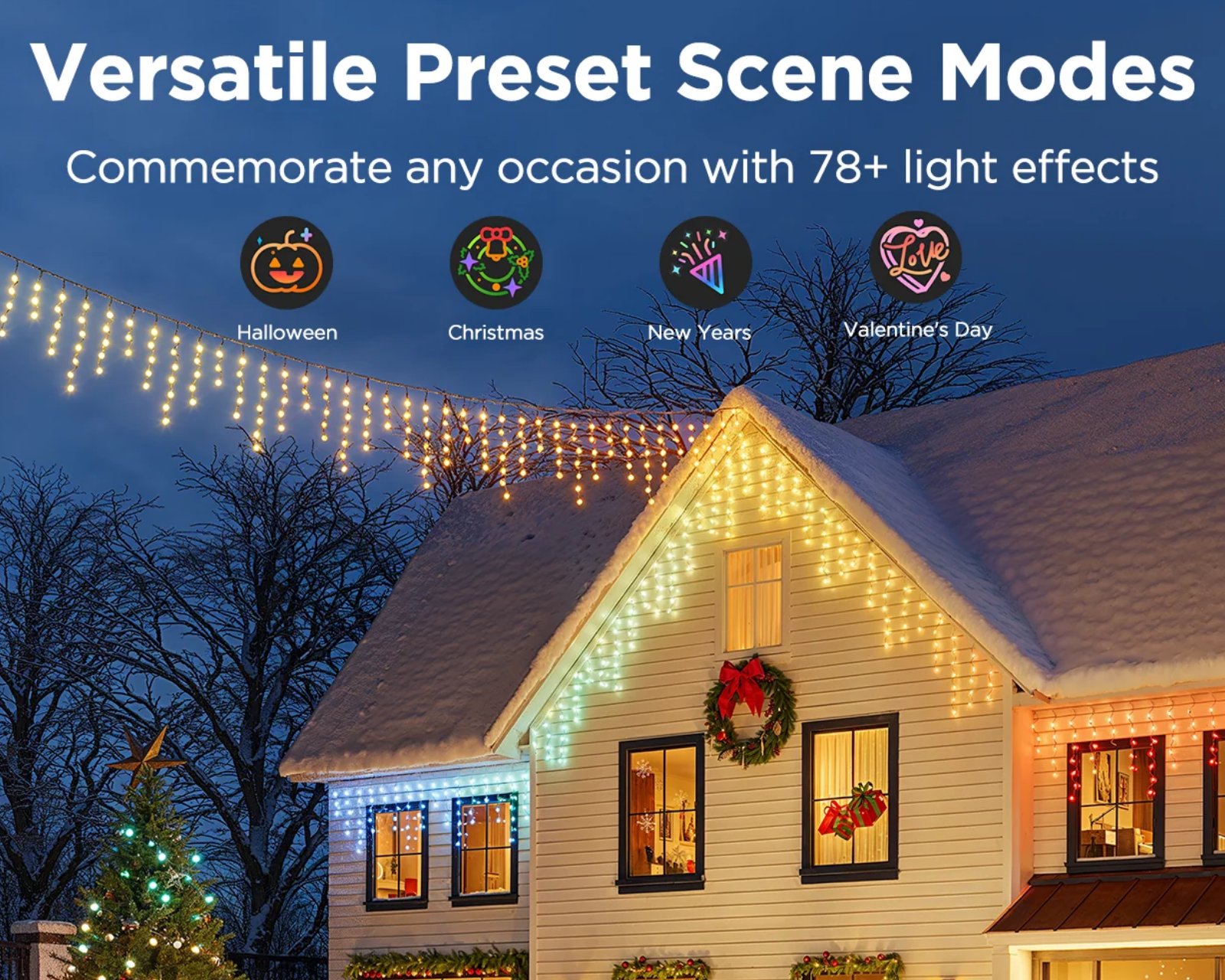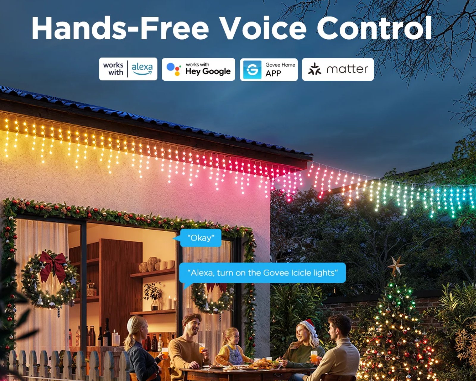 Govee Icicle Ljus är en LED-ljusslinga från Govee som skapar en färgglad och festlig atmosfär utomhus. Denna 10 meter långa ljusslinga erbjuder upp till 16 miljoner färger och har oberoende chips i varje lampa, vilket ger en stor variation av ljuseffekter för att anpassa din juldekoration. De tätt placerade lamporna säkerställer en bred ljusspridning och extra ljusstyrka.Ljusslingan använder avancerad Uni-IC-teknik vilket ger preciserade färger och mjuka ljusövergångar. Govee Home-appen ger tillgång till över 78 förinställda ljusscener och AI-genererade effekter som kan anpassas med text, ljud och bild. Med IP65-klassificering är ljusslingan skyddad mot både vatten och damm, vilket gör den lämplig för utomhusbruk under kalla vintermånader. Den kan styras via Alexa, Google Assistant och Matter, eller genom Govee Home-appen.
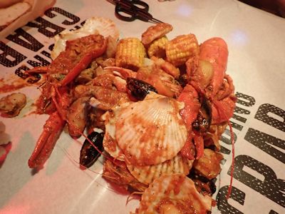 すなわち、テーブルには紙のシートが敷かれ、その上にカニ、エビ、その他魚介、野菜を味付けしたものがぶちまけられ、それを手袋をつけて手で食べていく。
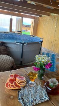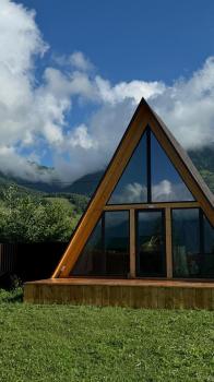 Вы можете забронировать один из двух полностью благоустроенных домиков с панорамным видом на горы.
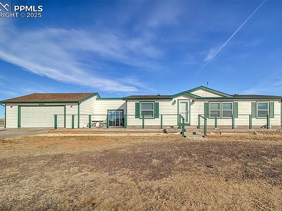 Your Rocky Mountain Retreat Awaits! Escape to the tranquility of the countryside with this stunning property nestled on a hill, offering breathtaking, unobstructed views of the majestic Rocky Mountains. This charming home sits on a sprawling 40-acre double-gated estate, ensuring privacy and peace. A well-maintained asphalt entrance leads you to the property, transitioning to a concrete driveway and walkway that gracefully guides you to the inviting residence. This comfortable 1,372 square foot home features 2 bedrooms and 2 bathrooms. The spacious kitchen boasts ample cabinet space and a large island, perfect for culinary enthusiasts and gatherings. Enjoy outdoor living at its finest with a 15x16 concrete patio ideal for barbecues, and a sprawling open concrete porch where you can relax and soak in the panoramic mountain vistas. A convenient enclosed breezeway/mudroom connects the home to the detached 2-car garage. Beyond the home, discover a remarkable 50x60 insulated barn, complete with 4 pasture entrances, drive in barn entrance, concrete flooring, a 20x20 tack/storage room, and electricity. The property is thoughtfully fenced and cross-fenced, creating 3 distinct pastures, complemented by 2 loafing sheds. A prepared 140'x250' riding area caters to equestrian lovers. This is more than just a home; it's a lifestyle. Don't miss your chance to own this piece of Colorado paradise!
---
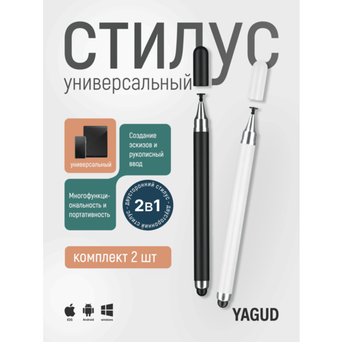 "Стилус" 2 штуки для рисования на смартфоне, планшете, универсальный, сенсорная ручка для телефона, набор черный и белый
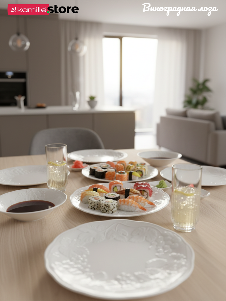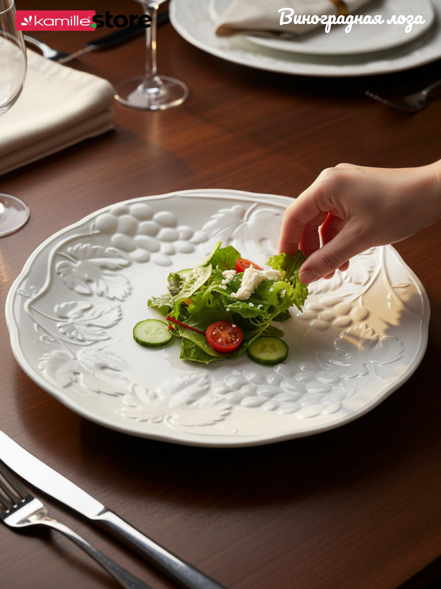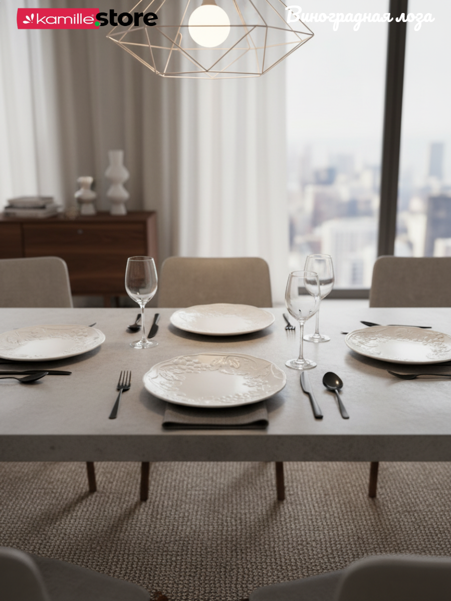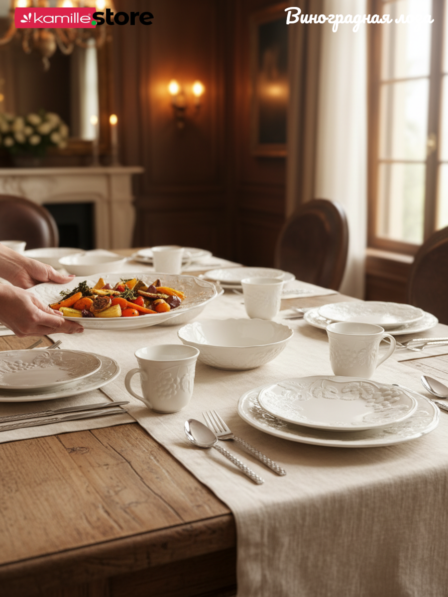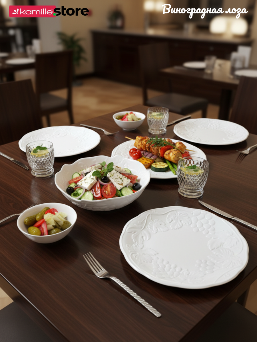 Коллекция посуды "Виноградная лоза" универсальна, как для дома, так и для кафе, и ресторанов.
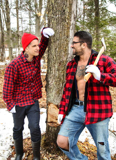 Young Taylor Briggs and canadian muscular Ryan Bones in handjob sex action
* * *
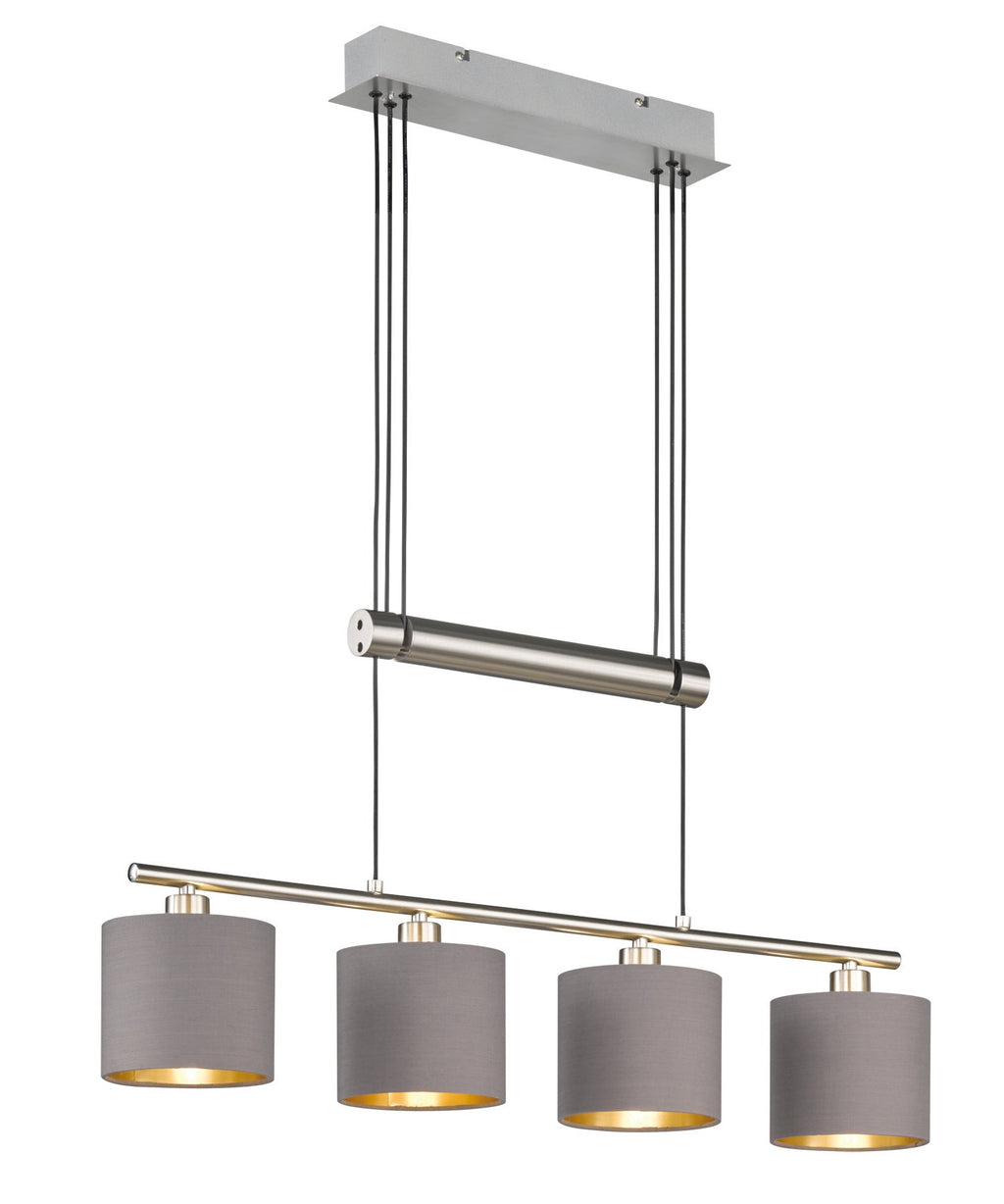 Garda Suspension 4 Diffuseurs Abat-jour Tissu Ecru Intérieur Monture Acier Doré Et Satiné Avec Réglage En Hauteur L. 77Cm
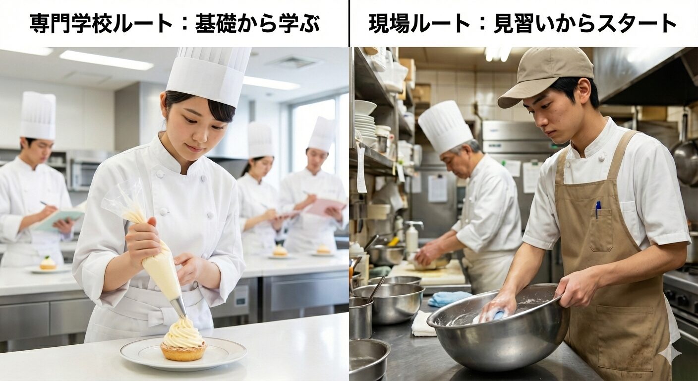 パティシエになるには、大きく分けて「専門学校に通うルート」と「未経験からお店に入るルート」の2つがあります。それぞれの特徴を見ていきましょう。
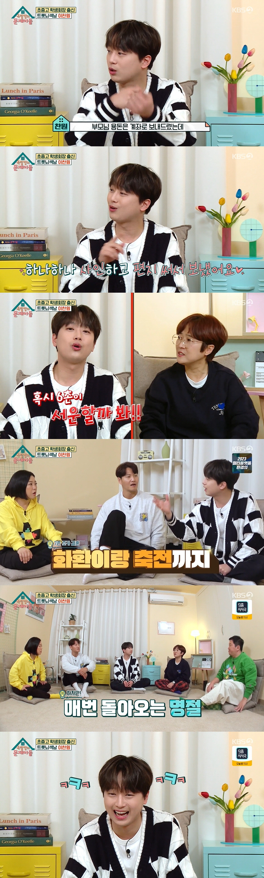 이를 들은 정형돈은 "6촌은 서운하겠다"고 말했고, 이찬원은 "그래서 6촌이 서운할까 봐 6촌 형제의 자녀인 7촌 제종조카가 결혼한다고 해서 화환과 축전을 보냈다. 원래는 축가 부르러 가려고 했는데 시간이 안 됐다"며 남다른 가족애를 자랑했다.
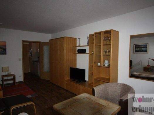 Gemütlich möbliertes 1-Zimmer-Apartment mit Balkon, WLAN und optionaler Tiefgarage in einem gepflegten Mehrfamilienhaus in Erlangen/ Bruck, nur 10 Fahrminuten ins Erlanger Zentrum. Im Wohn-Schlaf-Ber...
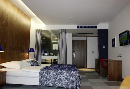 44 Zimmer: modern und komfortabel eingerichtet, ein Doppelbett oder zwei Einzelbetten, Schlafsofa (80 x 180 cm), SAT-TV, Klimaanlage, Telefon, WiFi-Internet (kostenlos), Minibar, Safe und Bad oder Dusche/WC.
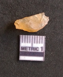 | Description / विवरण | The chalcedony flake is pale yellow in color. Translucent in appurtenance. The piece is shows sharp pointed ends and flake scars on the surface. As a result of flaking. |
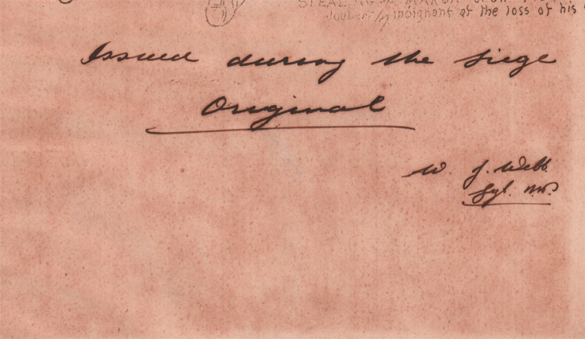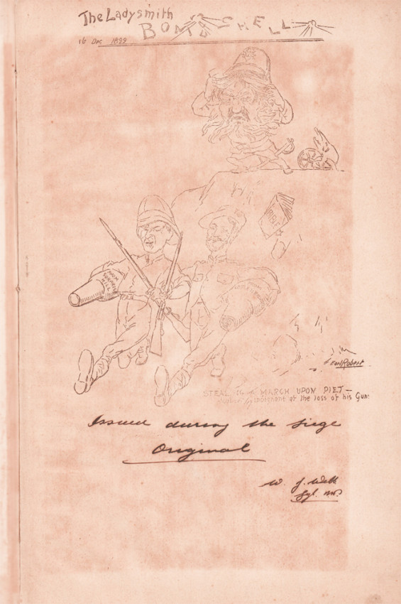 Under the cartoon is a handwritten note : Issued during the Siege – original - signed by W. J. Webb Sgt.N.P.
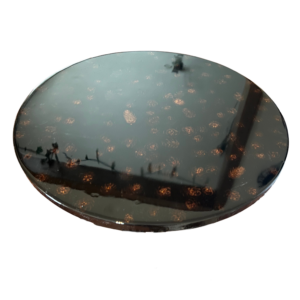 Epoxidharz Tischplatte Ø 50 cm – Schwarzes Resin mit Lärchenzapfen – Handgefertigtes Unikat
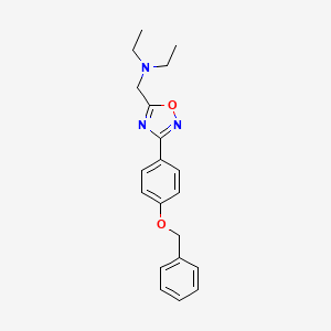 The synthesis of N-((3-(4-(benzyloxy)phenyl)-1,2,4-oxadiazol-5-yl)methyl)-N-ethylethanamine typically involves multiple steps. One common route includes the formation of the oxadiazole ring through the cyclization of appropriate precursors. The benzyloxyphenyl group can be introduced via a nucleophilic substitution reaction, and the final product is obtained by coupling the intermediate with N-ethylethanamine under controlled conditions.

EXERCISE DETAILS => For this exercise, please set down exactly the lines of the listing above from the line with "44 Zimmer: modern" up to and including the line with "The synthesis of", and no pictures.

OUTPUT OF THE EXERCISE =>
 44 Zimmer: modern und komfortabel eingerichtet, ein Doppelbett oder zwei Einzelbetten, Schlafsofa (80 x 180 cm), SAT-TV, Klimaanlage, Telefon, WiFi-Internet (kostenlos), Minibar, Safe und Bad oder Dusche/WC.
 | Description / विवरण | The chalcedony flake is pale yellow in color. Translucent in appurtenance. The piece is shows sharp pointed ends and flake scars on the surface. As a result of flaking. |
 Under the cartoon is a handwritten note : Issued during the Siege – original - signed by W. J. Webb Sgt.N.P.
 Epoxidharz Tischplatte Ø 50 cm – Schwarzes Resin mit Lärchenzapfen – Handgefertigtes Unikat
 The synthesis of N-((3-(4-(benzyloxy)phenyl)-1,2,4-oxadiazol-5-yl)methyl)-N-ethylethanamine typically involves multiple steps. One common route includes the formation of the oxadiazole ring through the cyclization of appropriate precursors. The benzyloxyphenyl group can be introduced via a nucleophilic substitution reaction, and the final product is obtained by coupling the intermediate with N-ethylethanamine under controlled conditions.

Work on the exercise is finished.